According to Perry, over the course of the conversation, Parnas and Fruman said the U.S. Ambassador to the Ukraine at the time, Marie Yovanovitch, was not friendly to their business interests, and that President Trump would soon remove the longtime diplomat from her post.
“I was in complete disbelief,” Perry said. “My gut was telling me that this really hit [Favorov] hard. He said to me, ‘Dale, these are some ‘Odessa kind of guys’ looking to do things the wrong way.’ He was very distraught, and I understood why. I mean, how could these two guys possibly know the ambassador was going to be removed? Why would anyone even consider it? Ambassador Yovanovitch is an exceptional ambassador. She’s brilliant. She’s honest. She’s driven toward a moral good, and she believes in the code of law.”
Despite hearing this information secondhand, Perry said he felt compelled to pen Favorov’s revelations and relay them to the State Department through the Kiev embassy.
In May, Yovanovitch was removed from her post.

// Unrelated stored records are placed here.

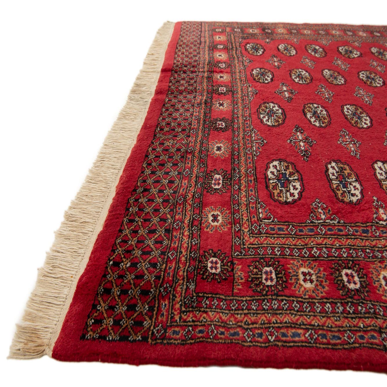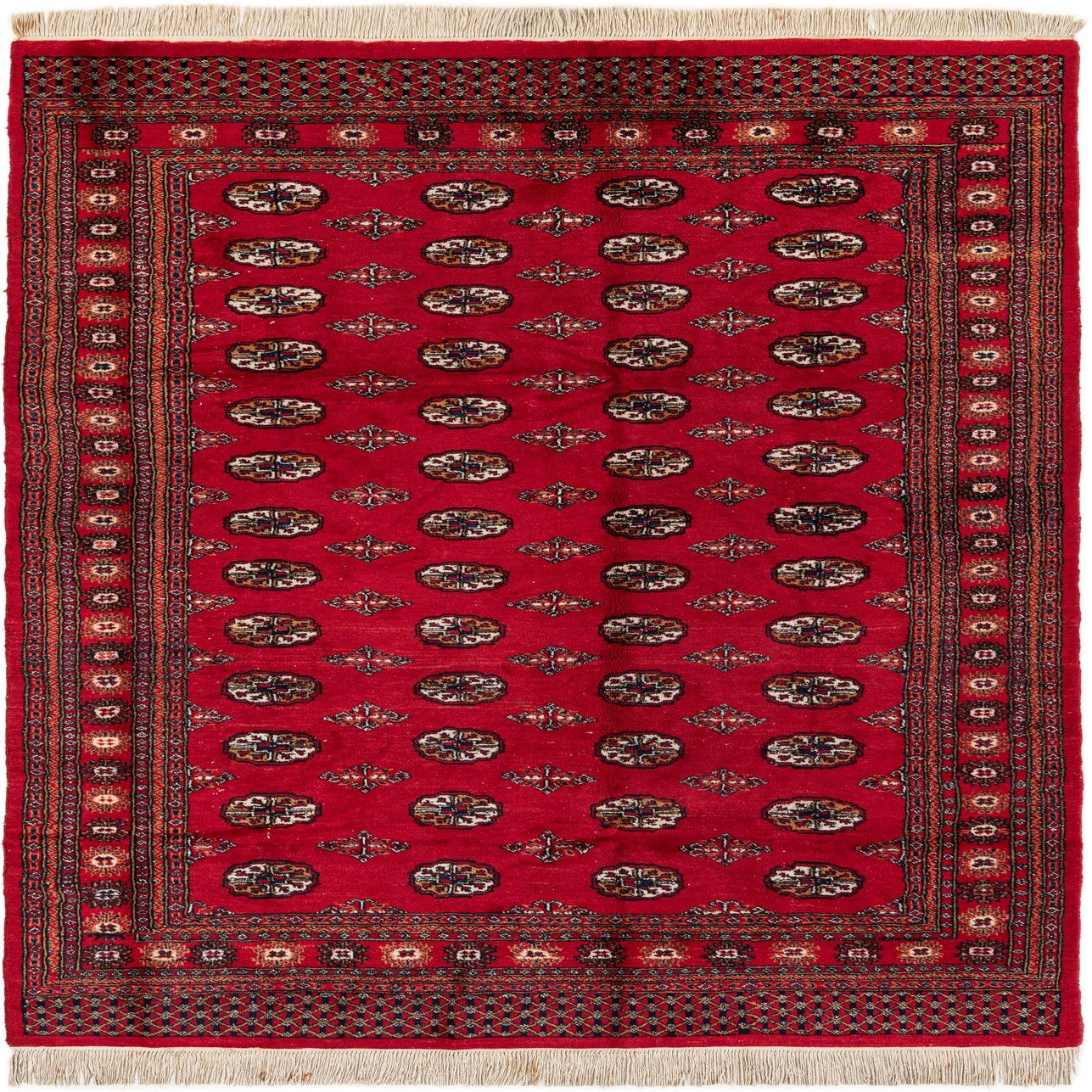 A 6x9 rectangular Afghan Ersari rug featuring a traditional tribal pattern with repeating medallions in shades of red, black, and cream, set on a vibrant red field with a detailed border and fringe.
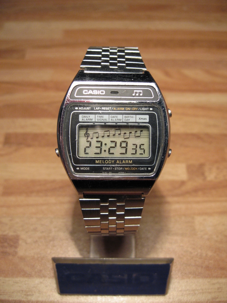 Casio M-1230 - одна из оригинальных и музыкальных моделей славных 80-х. У неё всё очень музыкально, от нажатия кнопки до звукового сигнала. Переключение из режима в режим сопровождается звучанием двойных восьмых нот (ДО-РЕ, МИ-ФА и т.д.). Что касается мелодий, всего их одиннадцать. Семь на каждый день недели, одну из 2-х можно поставить на конкретную дату, Happy Birthday звучит на день рождения и Jingle Bells на Рождество.
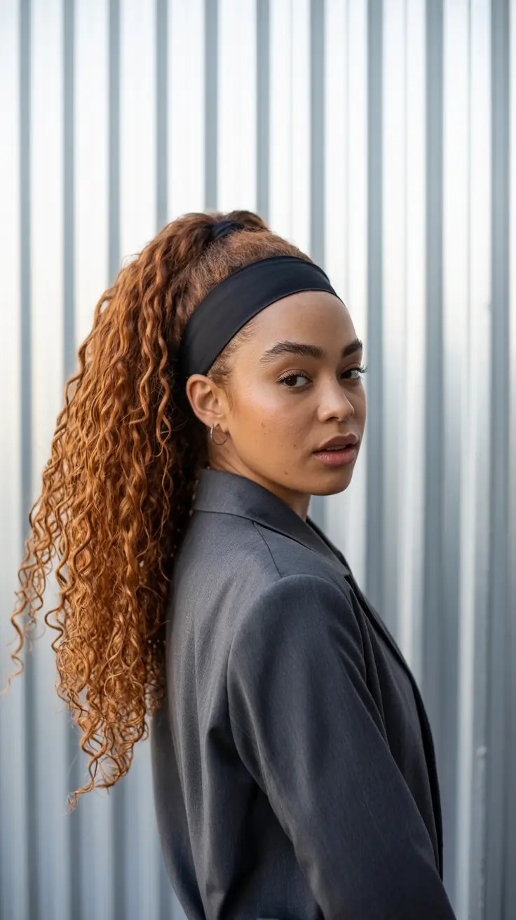 This final look is sleek at the base and textured through the ponytail, secured high and finished with a wide headband. The curls are tight and defined, cascading down with natural bounce. It gives athletic elegance – strong but still feminine.
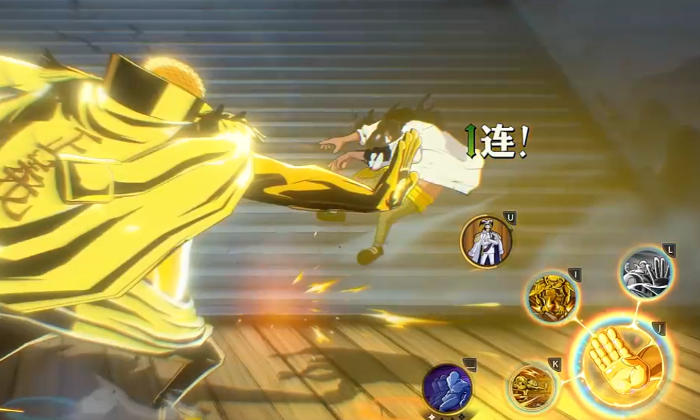 战国在常态下普攻有5段,1、2段是左右手的快速拳击,3段会大步撞飞对手,4段是左手下勾拳,第5段飞踢终结,实战长按普攻可进入快速连打模式,此时的攻击自带拳风,他的常态1技能短按会正步向前打出拳风,长按则是跳起后向斜下方打出。
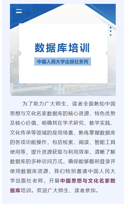 中国思想与文化名家数据库线上培训
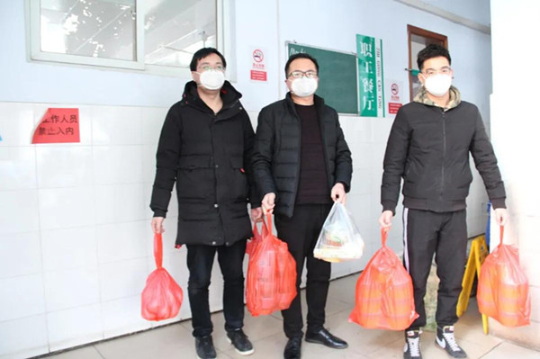 疫情初期,行管后勤人员连夜完成患者床位迁移,在隔离病房三区之间设置物理屏障,为隔离病区的医务人员安装热水器、微波炉等生活电器,为确保一线医务人员战“疫”有力量,我院30余名行管后勤人员组建了医疗后勤保障队,下设消杀组、餐饮供应保障组、疫情监测上报组、通讯报道组、车辆保障组、办公室值班组等6个工作组,为一线医务人员解决后顾之忧。根据医务人员工作时间弹性送餐,为保证营养全面,送牛奶、水果等。
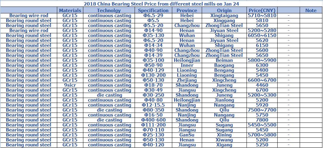 2018 China Bearing Steel Price from different steel mills on Jan 24
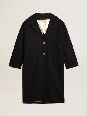 Einreihiger Damenmantel Im Cocoon Stil Aus Dunkelblauer Wolle Mit Goldenen Knöpfen, , Größe: 36
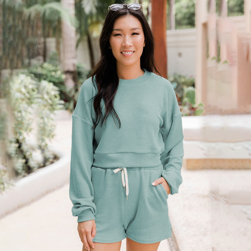 Autumn Winter Solid Color round Neck Pullover Long Sleeve Sweater Women Casual Shorts Suit

“I was in shock,” Perry said. “I thought, ‘If people can remove a very professional ambassador doing important work in one of the most important strategic places in the world right now, who can’t they remove?’ I thought, ‘Now [the Trump administration] is launching something. Where is this headed?’ As soon as she was removed, there was no leadership in that area anymore. Nobody there in the [Kiev] Embassy can serve with any confidence right now, and in a place where [Russian President] Vladimir Putin has direct, dangerous interests.”
After trying to explain the width and breadth of the geopolitical, economic and diplomatic scope of the events, Perry simplified his view to put the entire situation into an Idaho context.
“It would be akin to, if it’s Wednesday and Boise State University’s football team is getting ready to play their bowl game on Saturday. It would be like if the governor calls the president of Boise State and orders him to fire the coach. That’s a facetious analogy, but it’s apt. How’s the game going to go? How is the team going to do on Saturday?”
Perry carried the analogy further, asking deeper questions behind the theoretical nightmare scenario.
“Why is the governor involved in a personnel decision just before the biggest game of the year in the first place?” he asked. “The most important time that ambassador is needed, she’s removed. Oh, and by the way, she’s the best coach the school has ever seen, the best coach any team could possibly hire. And the governor orders her to be fired.”
While Perry did not speak directly to the controversy of President Trump asking the Ukraine to investigate former vice president and current political rival Joe Biden, Perry did say he agreed with President Trump on one issue of note.
“The Ukraine is one of the most corrupt places I’ve ever worked at,” Perry freely admitted. “Most all of the former Soviet republics are like that.”
He said bribery, extortion and under-the-table deals are normalized in the Ukraine. He described how companies are actually more willing to work in the former Soviet republic if they learn of officials willing to take bribes, as that actually signals a more structured environment than a lawless power vacuum.
“People always ask me, ‘Are you an energy specialist?’ ‘Are you an engineering specialist?’ I tell them: ‘I’m an anti-corruption specialist.’”
As Congress breaks for a long weekend from the impeachment inquiry, Perry will spend Thanksgiving on Bainbridge Island before flying back to Europe, flying over Coeur d’Alene as he heads overseas, back to help build America’s independence from Russian oil interests. He’s a long way from home.